**Problem to work on:**
What is needed is a verbatim copy of the data, minus the pictures.

**Material provided:**
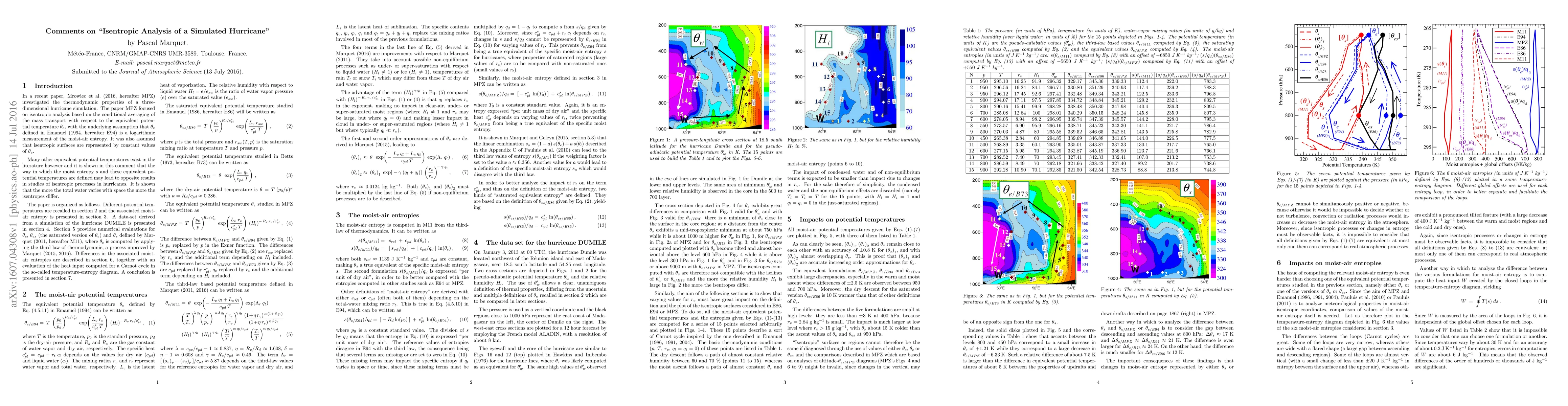 This paper describes Comments to the paper of Mrowiec et al. published in the J. Atmos. Sci. in May 2016 (Vol 73, Issue 5, pages 1857-1870) and entitled "Isentropic analysis of a simulated hurricane". It is explained that the plotting of isentropic surfaces (namely the isentropes) requires a precise definition of the specific moist-air entropy, and that most of existing "equivalent potential temperatures" lead to inaccurate definitions of isentropes. It is shown that the use of the third law of thermodynamics leads to a definition of the specific moist-air entropy (and of a corresponding potential temperature) which allow the plotting of unambigous moist-air isentropes. Numerical applications are shown by using a numerical simulation of the hurricane DUMILE.
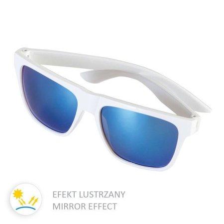 Okulary przeciwsłoneczne z akrylowymi soczewkami w kolorze niebieskim. Oprawa poliwęglanowa. Filtr ochronny UV 400.
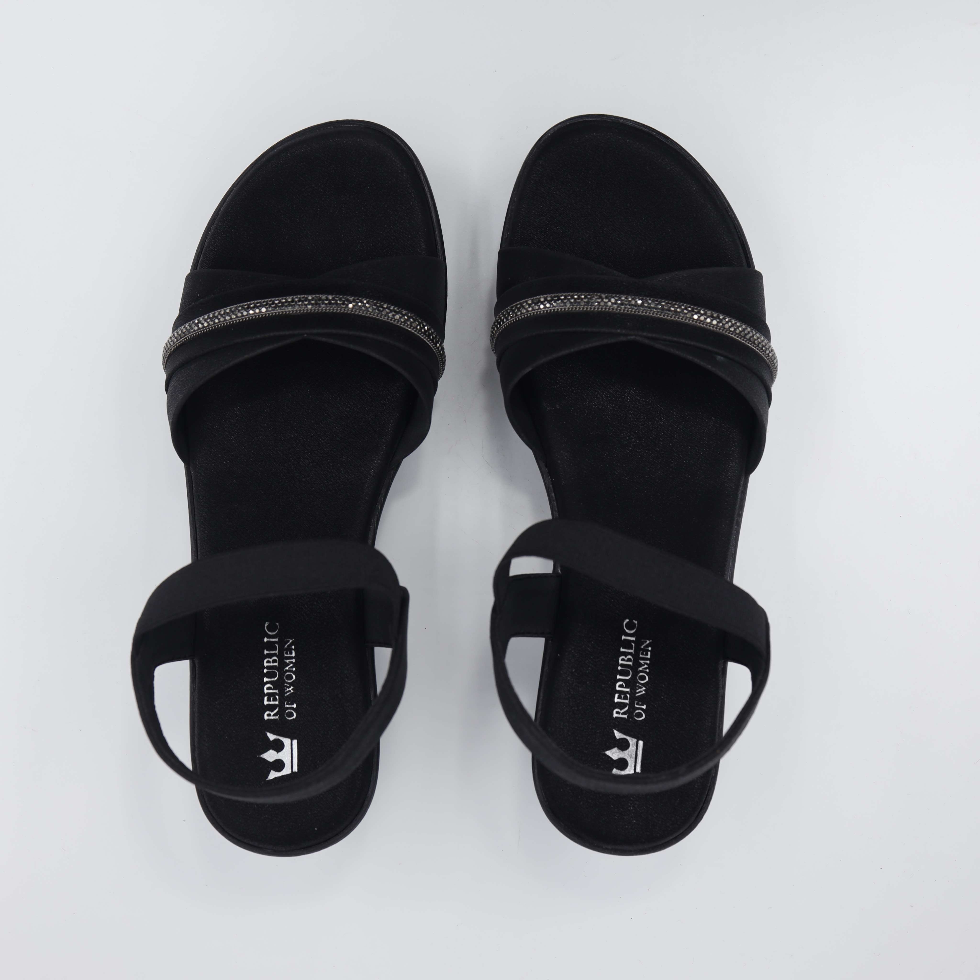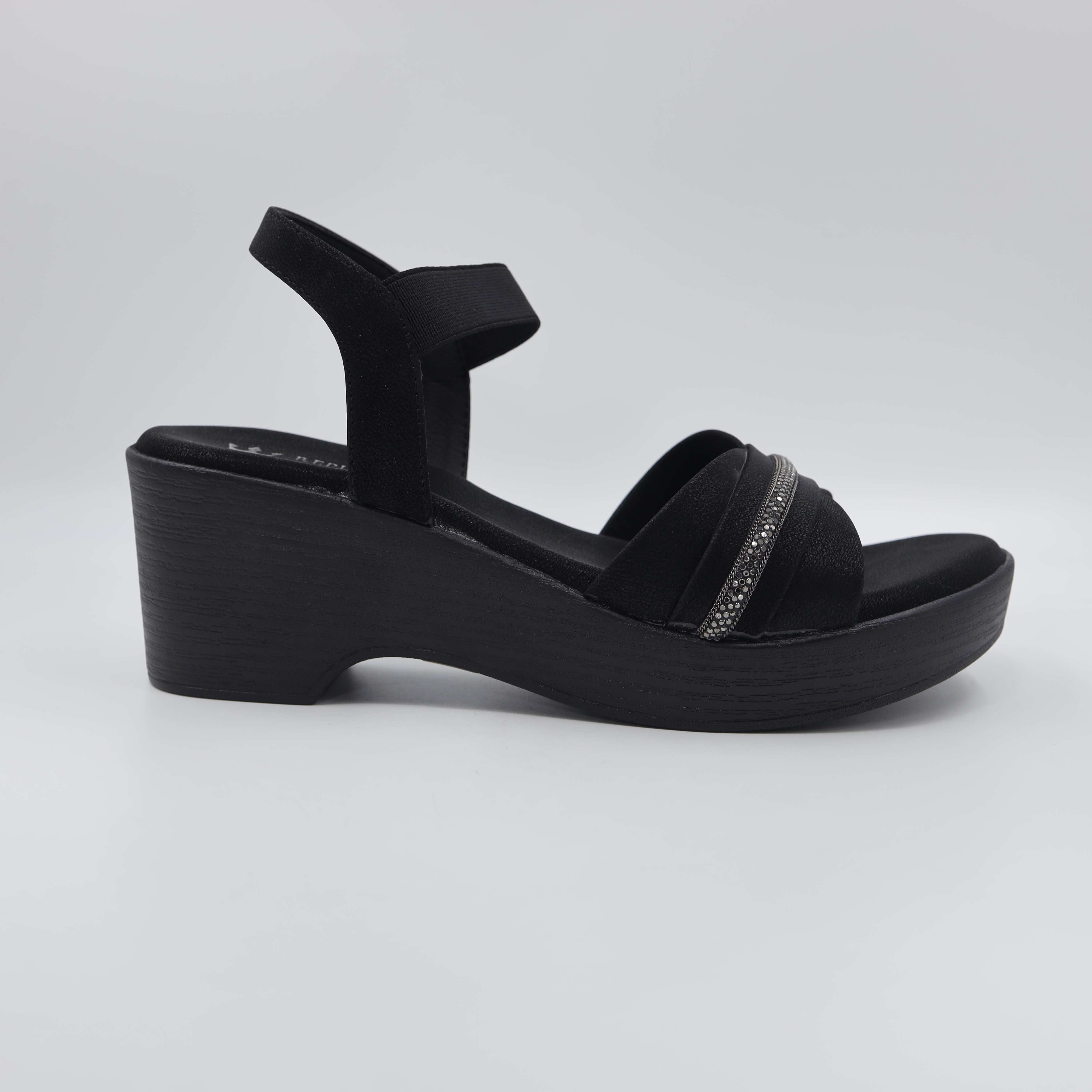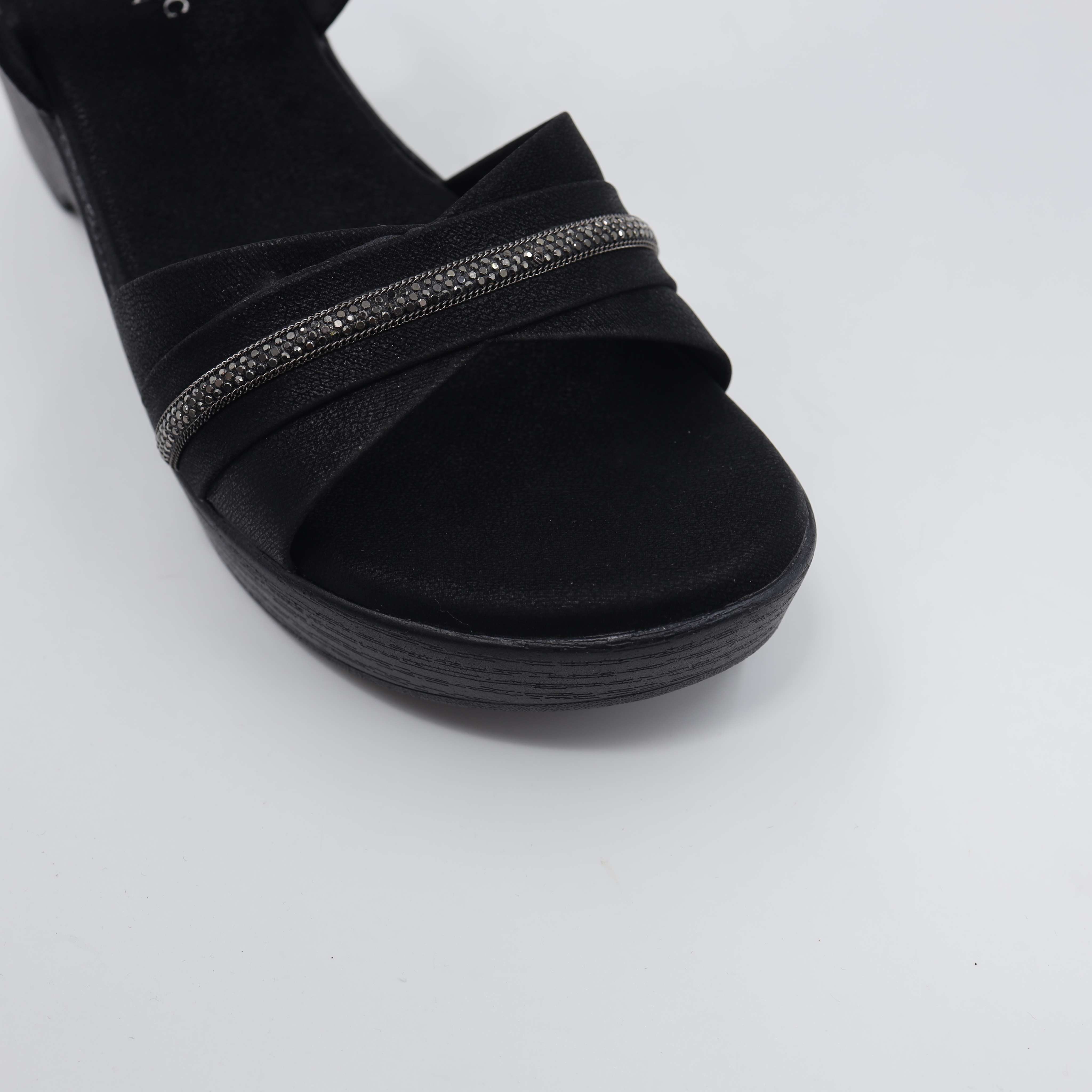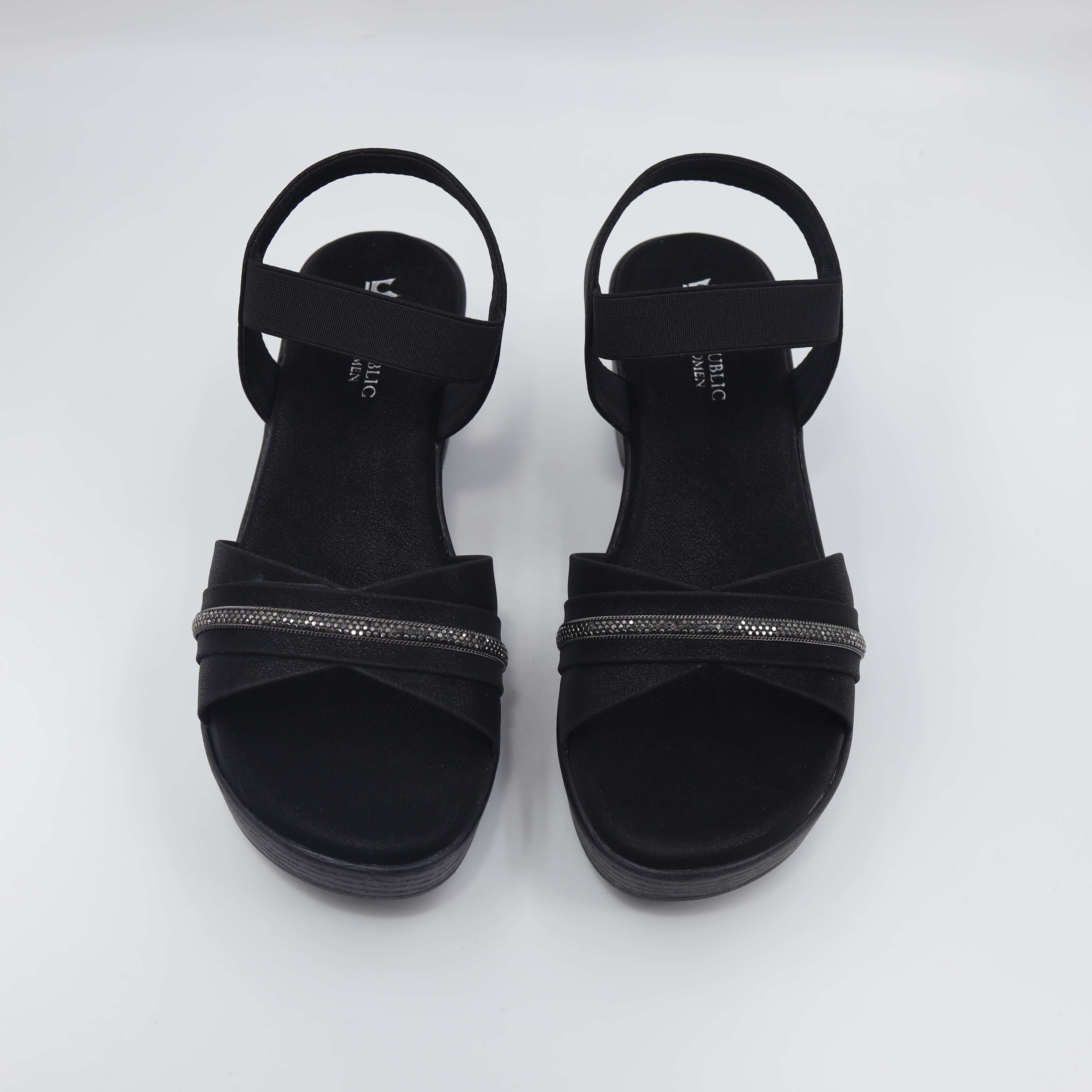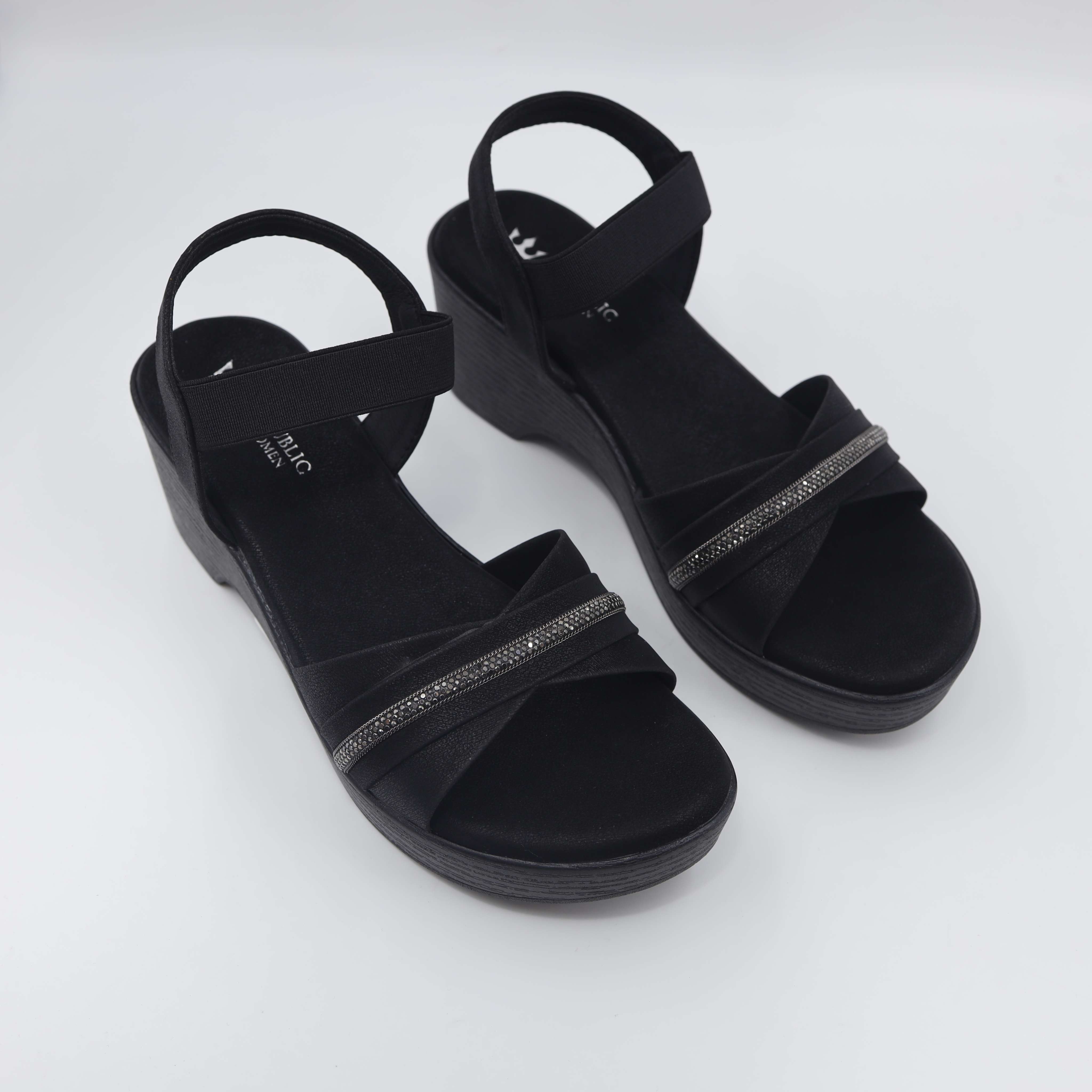 Draped in timeless black, this handcrafted wedge sandal embodies quiet power and refined elegance. The softly padded upper is adorned with a subtle embellished band that catches the light with restrained majesty, while the secure ankle strap offers effortless stability. Set on a comfortable 2.5-inch heel, it is designed to support long hours without compromising poise, making it a versatile companion from day to dusk.

**Solved problem:**
 This paper describes Comments to the paper of Mrowiec et al. published in the J. Atmos. Sci. in May 2016 (Vol 73, Issue 5, pages 1857-1870) and entitled "Isentropic analysis of a simulated hurricane". It is explained that the plotting of isentropic surfaces (namely the isentropes) requires a precise definition of the specific moist-air entropy, and that most of existing "equivalent potential temperatures" lead to inaccurate definitions of isentropes. It is shown that the use of the third law of thermodynamics leads to a definition of the specific moist-air entropy (and of a corresponding potential temperature) which allow the plotting of unambigous moist-air isentropes. Numerical applications are shown by using a numerical simulation of the hurricane DUMILE.
 Okulary przeciwsłoneczne z akrylowymi soczewkami w kolorze niebieskim. Oprawa poliwęglanowa. Filtr ochronny UV 400.
 Draped in timeless black, this handcrafted wedge sandal embodies quiet power and refined elegance. The softly padded upper is adorned with a subtle embellished band that catches the light with restrained majesty, while the secure ankle strap offers effortless stability. Set on a comfortable 2.5-inch heel, it is designed to support long hours without compromising poise, making it a versatile companion from day to dusk.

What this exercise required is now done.